The following code shows that FMc 's code doesn't work.
The line
from name_of_file import olding_the_new,finding
refers to my code in my personal answer in this thread to this question.
* Give the name name_of_file
to the file containing the script of my code (lying in my other answer in this thread) and it will run.

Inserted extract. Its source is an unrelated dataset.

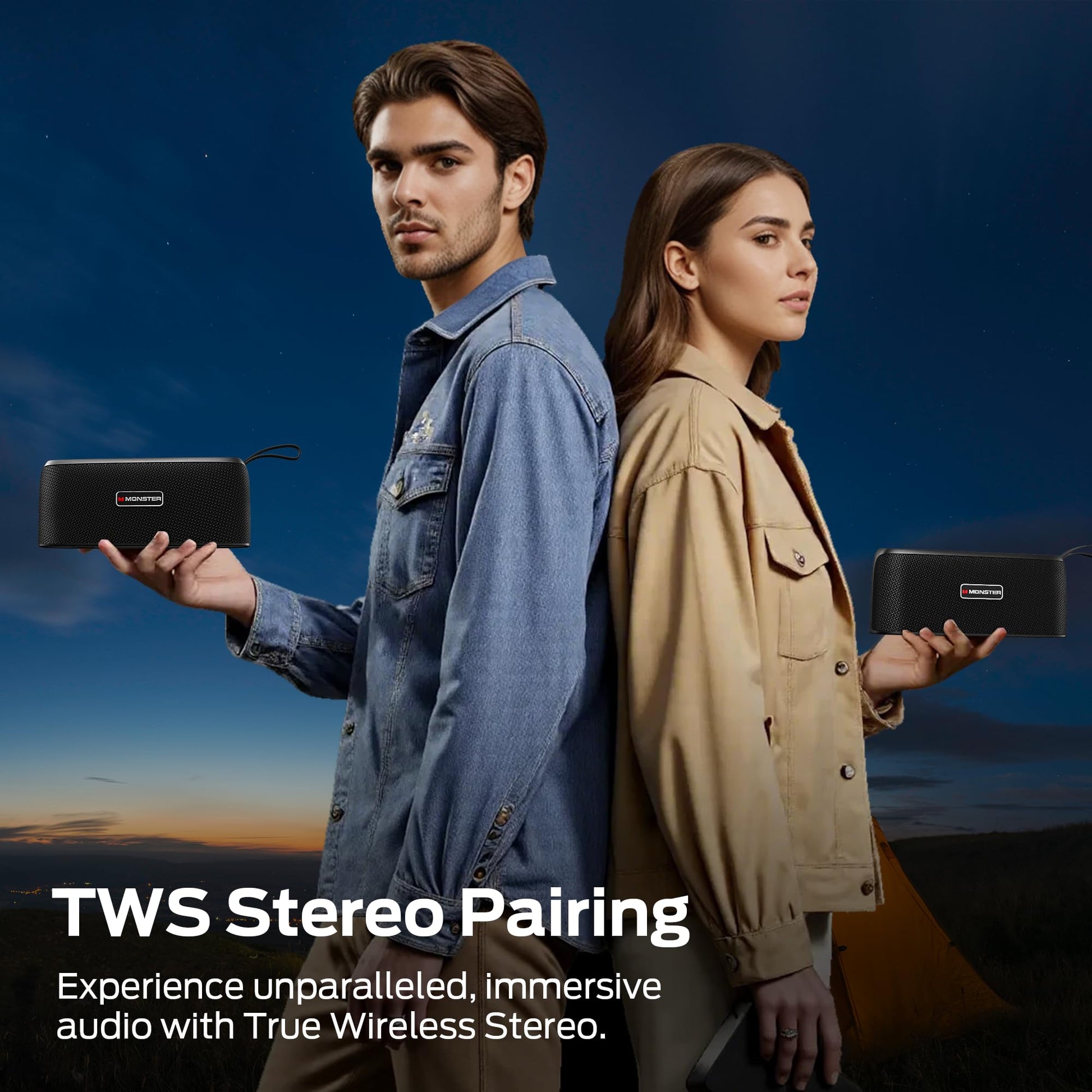 Monster Shock Portable Bluetooth Speaker, True Wireless Speaker, 30W Loud Stereo Sound, IPX6 Waterproof,17 Hours Playback, Bluetooth 5.4 TWS Pairing ,Outdoor Speakers with Handle

* Or if you are annoyed to copy-paste my code, just comment this line of import, and the following code will run because I put a try-except instruction that will react correctly to the absence of olding_the_new
and finding
I used two ways to verify the results of FMc 's code:
-1/ comparing the span returned by his code with index of 'f' and index of 'r', as we search for phrase 'foobar' and I managed that there are no f and r other than the ones in foobar
-2/ comparing with the first span returned by my code, hence the need of the above import from name_of_file
Nota Bene
If disp = None
is changed to disp == True
, the execution displays intermediary results that help to understand the algorithm.
.
import re
from name_of_file import olding_the_new,finding
def main():
# Two versions of the text: the original,
# and one without any of the "#" markers.

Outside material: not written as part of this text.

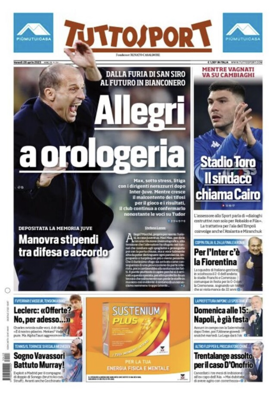 “Domenica alle 15: Napoli, è già festa”. Titola così in basso l’edizione odierna di Tuttosport. "Azzurri in campo con la Salernitana dopo l'Inter, poi l'Udinese giovedì anzichè martedì. La Lega darà l'ok". Al centro ampio spazio alle vicende di casa Juventus: "Allegri a orologeria. Dalla furia di San Siro al futuro in bianconero". Di spalla la Coppa Italia, con l'Inter che trova la Fiorentina in finale.

for text_orig in ('BLAH ##BLAH fo####o##ba###r## BL##AH',
'jkh##jh#f',
'#f#oo##ba###r##',
'a##xf#oo##ba###r##',
'ax##f#oo##ba###r##',
'ab###xyf#oo##ba###r##',
'abx###yf#oo##ba###r##',
'abxy###f#oo##ba###r##',
'iji#hkh#f#oo##ba###r##',
'mn##pps#f#oo##ba###r##',
'mn##pab###xyf#oo##ba###r##',
'lmn#pab###xyf#oo##ba###r##',
'fo##o##ba###r## aaaaaBLfoob##arAH',
'fo#o##ba####r## aaaaaBLfoob##ar#AH',
'f##oo##ba###r## aaaaaBLfoob##ar',
'f#oo##ba####r## aaaaBL#foob##arAH',
'f#oo##ba####r## aaaaBL#foob##ar#AH',
'foo##ba#####r## aaaaBL#foob##ar',
'#f#oo##ba###r## aaaBL##foob##arAH',
'#foo##ba####r## aaaBL##foob##ar#AH',
'#af#oo##ba##r## aaaBL##foob##ar',
'##afoo##ba###r## aaaaaBLfoob##arAH',
'BLAHHfo##o##ba###r aaBLfoob##ar#AH',
'BLAH#fo##o##ba###r aaBLfoob##ar',
'BLA#Hfo##o##ba###r###BLfoob##ar',
'BLA#Hfo##o##ba###r#BL##foob##ar',
):
text_clean = text_orig.replace('#', '')
# Collect data on the positions and widths
# of the markers in the original text.
rgx = re.compile(r'#+')
markers = [(m.start(), len(m.group()))
for m in rgx.finditer(text_orig)]
# Find the location of the search phrase in the cleaned text.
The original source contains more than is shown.